▶ Supplied data
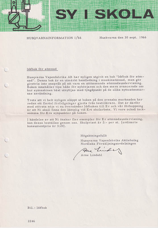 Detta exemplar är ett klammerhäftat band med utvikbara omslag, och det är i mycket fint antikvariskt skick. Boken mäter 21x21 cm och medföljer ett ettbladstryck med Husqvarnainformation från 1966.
==
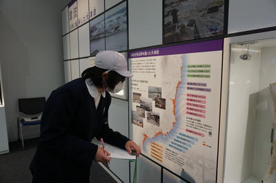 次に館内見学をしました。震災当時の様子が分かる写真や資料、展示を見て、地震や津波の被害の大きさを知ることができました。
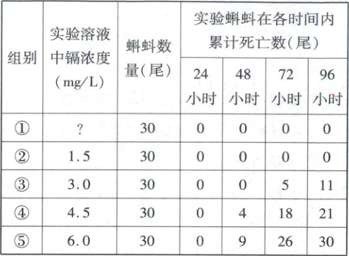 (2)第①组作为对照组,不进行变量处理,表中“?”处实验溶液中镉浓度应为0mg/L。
* * *
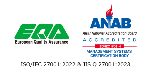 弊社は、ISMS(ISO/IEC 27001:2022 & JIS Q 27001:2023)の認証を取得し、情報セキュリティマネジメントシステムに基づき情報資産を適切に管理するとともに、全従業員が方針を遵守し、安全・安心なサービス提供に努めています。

▶ Prompt
Within the listing above, write out the stretch from the line with "次に館内見学をしました。震災" through the line with "(2)第①组作为对照组,不进" exactly. Any pictures are to be left out.

▶ Written answer
 次に館内見学をしました。震災当時の様子が分かる写真や資料、展示を見て、地震や津波の被害の大きさを知ることができました。
 (2)第①组作为对照组,不进行变量处理,表中“?”处实验溶液中镉浓度应为0mg/L。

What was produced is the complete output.